Describe how to place a Swan-Ganz catheter.

A

1) Attach ECG to the patient
2) Clip and aseptically prepare the jugular vein. Fill the introducer with heparinized saline and Insert the introducing catheter.
3) Get the thermodilution catheter and attach **distal port to pressure transducer **via a three-way stopcock and flush the system with heparinized saline.
4) Attach continuous flush line to the transducer and pressurize the bag to ≥200 mm Hg.
5) Zero the pressure transducer.
6) Insert the thermodilution catheter through the introducer catheter to about 20 cm and verify that the pressure tracing reflects a central venous pressure waveform.

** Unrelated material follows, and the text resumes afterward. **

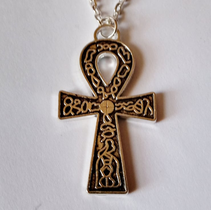 This stunning necklace features a large chunky ankh pendant hanging on 26" silver plate chain.
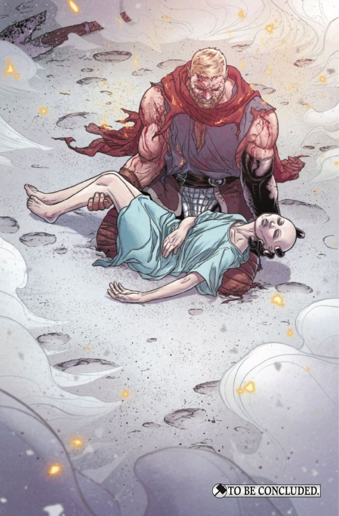 En un acto heróico y con su último aliento, ella se transformó una vez más en la diosa del trueno, y aunque no consiguió salvar la ciudad, si les dio tiempo para escapar de ahí.

7) Advance the catheter with the natural curve of the catheter aimed toward the sternum of the animal; watch for a typical ventricular waveform.
8) If the catheter advances to the **50-cm mark **without entering the right ventricle, withdraw it to the 20-cm mark and start again.
9) If the pressure tracing becomes damped, flush the distal port with the transducer’s fast flush device; if the pressure tracing abruptly ceases followed by a rapid, linear increase, the end-hole has butted up against a vessel or heart chamber wall and should be withdrawn slightly and then reinserted.
10) Once the catheter tip has entered the right ventricle, inflate the balloon with 1 mL of air and advance it further until the pressure waveform indicates that the catheter tip has entered the pulmonary artery.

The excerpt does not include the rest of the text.